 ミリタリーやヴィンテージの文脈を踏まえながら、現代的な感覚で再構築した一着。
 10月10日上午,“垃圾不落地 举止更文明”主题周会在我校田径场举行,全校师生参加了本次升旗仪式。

◇ ◇ ◇ ◇ ◇ ◇ ◇

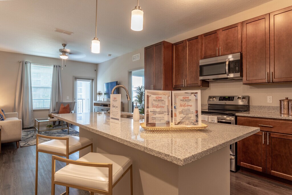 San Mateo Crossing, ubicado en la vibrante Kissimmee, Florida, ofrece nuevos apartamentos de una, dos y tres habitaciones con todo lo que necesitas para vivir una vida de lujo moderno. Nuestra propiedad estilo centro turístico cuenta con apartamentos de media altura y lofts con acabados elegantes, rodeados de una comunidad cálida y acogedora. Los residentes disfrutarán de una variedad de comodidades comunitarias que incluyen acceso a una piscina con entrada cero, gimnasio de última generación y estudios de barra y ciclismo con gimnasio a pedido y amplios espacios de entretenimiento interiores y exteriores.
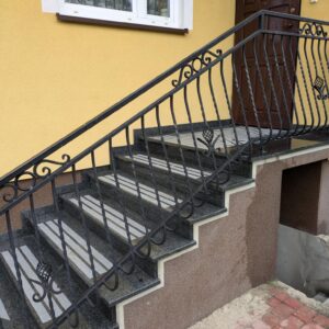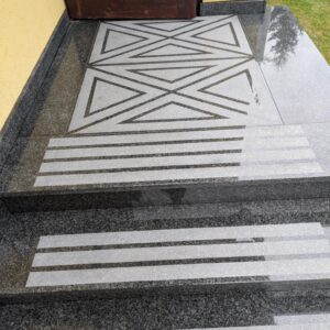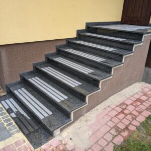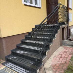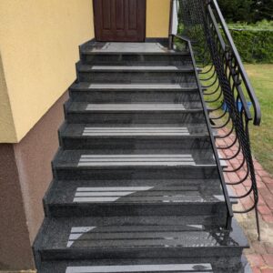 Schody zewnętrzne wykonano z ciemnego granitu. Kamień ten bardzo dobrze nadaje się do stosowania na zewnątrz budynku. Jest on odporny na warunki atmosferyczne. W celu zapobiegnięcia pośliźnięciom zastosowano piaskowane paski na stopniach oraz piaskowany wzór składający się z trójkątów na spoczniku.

◇ ◇ ◇ ◇ ◇ ◇ ◇

**Assignment:**
Repeat exactly, and only, the entries from the line with "San Mateo Crossing, ubicado" through the line with "Schody zewnętrzne wykonano". Pictures are skipped.

**Exercise response:**
 San Mateo Crossing, ubicado en la vibrante Kissimmee, Florida, ofrece nuevos apartamentos de una, dos y tres habitaciones con todo lo que necesitas para vivir una vida de lujo moderno. Nuestra propiedad estilo centro turístico cuenta con apartamentos de media altura y lofts con acabados elegantes, rodeados de una comunidad cálida y acogedora. Los residentes disfrutarán de una variedad de comodidades comunitarias que incluyen acceso a una piscina con entrada cero, gimnasio de última generación y estudios de barra y ciclismo con gimnasio a pedido y amplios espacios de entretenimiento interiores y exteriores.
 Schody zewnętrzne wykonano z ciemnego granitu. Kamień ten bardzo dobrze nadaje się do stosowania na zewnątrz budynku. Jest on odporny na warunki atmosferyczne. W celu zapobiegnięcia pośliźnięciom zastosowano piaskowane paski na stopniach oraz piaskowany wzór składający się z trójkątów na spoczniku.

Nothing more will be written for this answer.